这个人好像恶狼一样,凶残的撕咬着我的嘴唇。
他的舌头用力地在我嘴里搅动,好像要吞掉我一样。
我只听到他和我的牙齿撞击在一起的声音,那么激烈,就好像我此时胸膛里的心跳。
这突然的袭击让我一下子没有及时反应,任由他肆意妄为。
我拼命的用舌头抵着他,想把他的舌头从我嘴里赶出去。却让他更激烈的和我纠缠在一起。
从来没有哪个男子敢这么大胆的对我!
热血涌上我的脸颊,要不是他和我的舌头都纠缠在一起,我简直恨不得咬断他的舌头。
我想推开他,可是他的臂膀好像铁箍,只用一只手就轻易地锁住我在他的怀里,丝毫动弹不得。
他的手也紧紧捏住我的脸,让我不能躲避。
直到我横下一条心,打算鱼死网破,拼了命也要咬下他的舌头时,他却放开了我。
他神情得意极了,一双深蓝色的眼睛在夜色里发出莹莹的光芒。
我愤怒的瞪着他,抽手向他脸上甩去,却被他一手抓住。
………………………………
10。 中 原 人
他轻轻伸出舌头舔了舔自己的上下唇,嘲弄的说:“看来,你就得让我这样对待你,看你现在的样子,就是没了牙齿的小老虎。”
打也打不过他,只会换来更多的羞辱,我还留在这里做什么?
我抽出手,提起裙子就飞快的向王宫跑去,只听到身后那个可恶的男人发出一阵讨厌的笑声。

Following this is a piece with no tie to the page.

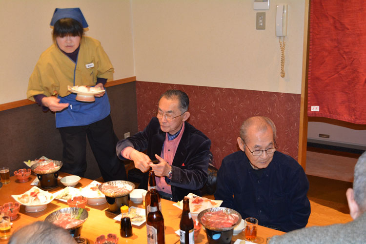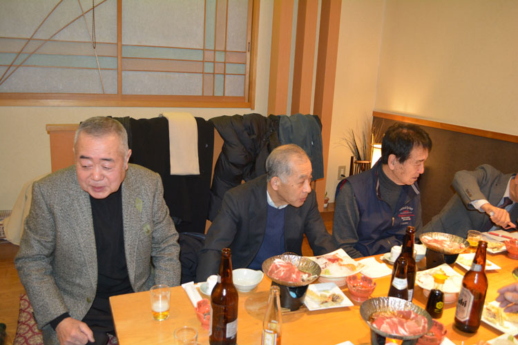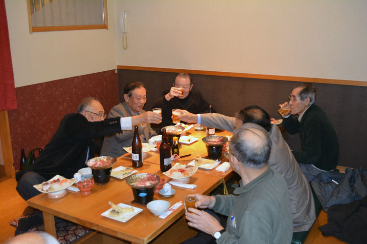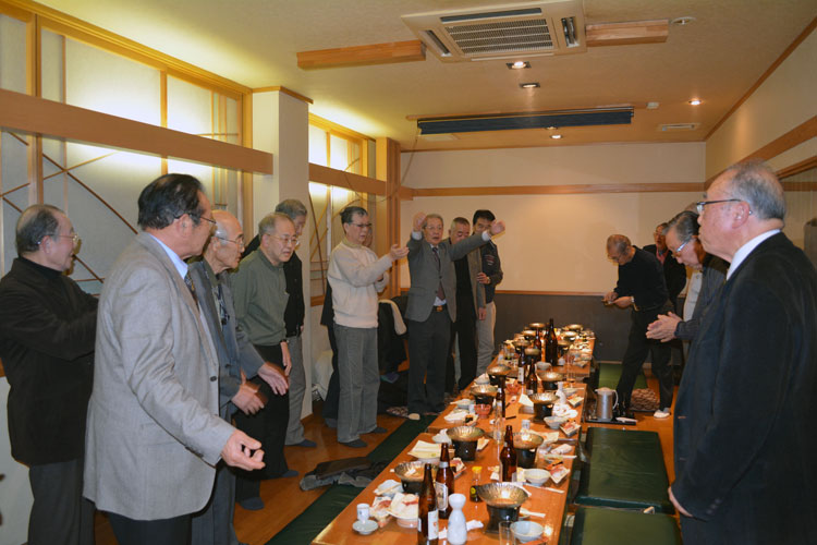 | 忘年会はお互い盃を交し合いながら、夜の更けるまで、なごやかな、とても楽しい |

我伸出手背狠狠擦着自己的嘴巴,恨不得刚才这事情从没发生过。
只要碰到莫顿就没好事。
夜色下,我飞快的抄着近路跑回寝宫。
推开门,乳母夏克娜听到脚步声,从自己的屋里走出来,惊讶的看着我问:“玛奇朵,你的嘴巴怎么啦?”
茫然伸手摸了摸自己的嘴巴,这才感觉到一阵剧痛。
我不知道该怎么回答这个问题,只有推开夏克娜,冲到里面的屋子里,拿起桌子上的铜镜。
借着微弱的油灯,昏黄的铜镜里,隐约见到我两边的脸颊好像被火映红一样,彤红彤红的。
嘴唇已经肿了起来,上唇明显的破了皮,鲜红的血迹涂在嘴唇上,看着就觉得惊心动魄!
夏克娜在我身后担心的问道:“我的孩子啊!到底出了什么事啦?”
我含糊的回道:“没什么?不过就是宴席上自己把自己咬到了而已。”
侍女阿鲁这时也走过来说道:“王女为什么咬自己的嘴唇啊?我听说米蕾娜今天跳了一支舞,得到很多人的夸奖,是因为这个原因吗?”
“没有的事,我为什么要因为她和自己过不去呢?”
阿鲁听了,脸上露出并不相信的神色。
夏克娜听了,叹了一口气,皱着眉头责怪我:“我就说今天的宴会一定很重要,要你换件好看的衣服,你偏不肯,要不然,只要你肯跳,还怕比不过米蕾娜?”
我宁可让米蕾娜出风头,也不愿意为莫顿跳舞!
真是烦死了!
我打断她的话,烦恼:“不要说了,夏克娜,我累了。”
夏克娜又叹了口气,没有继续说下去,转身叫阿鲁打水给我梳洗了。
一整个晚上我都睡不着,翻来覆去的,心里一直好像打鼓一样。
“噗通,噗通”, “噗通,噗通”。
我闭上眼睛,独自气愤的流着眼泪。
黑暗里,我用手抹去眼泪,命令自己不许哭泣
莫顿凭什么这么对待我?
又想到巴格看着米蕾娜那双含情的眼睛,好似都能滴出水来。
我的心里更是烦透了,只觉得燥热无比。
阿鲁就睡在我的房里,听到我在床上翻腾,悄声问我:“王女有心事吗?睡不着?”
“没有。”
怕惊动阿鲁,我不敢再动了,从来没觉得黑夜这么漫长的难熬。
眼前一会儿出现米蕾娜妖娆艳丽的舞姿,一会儿出现莫顿那双得意的蓝眼睛,一会儿又看到巴格那含笑的脸。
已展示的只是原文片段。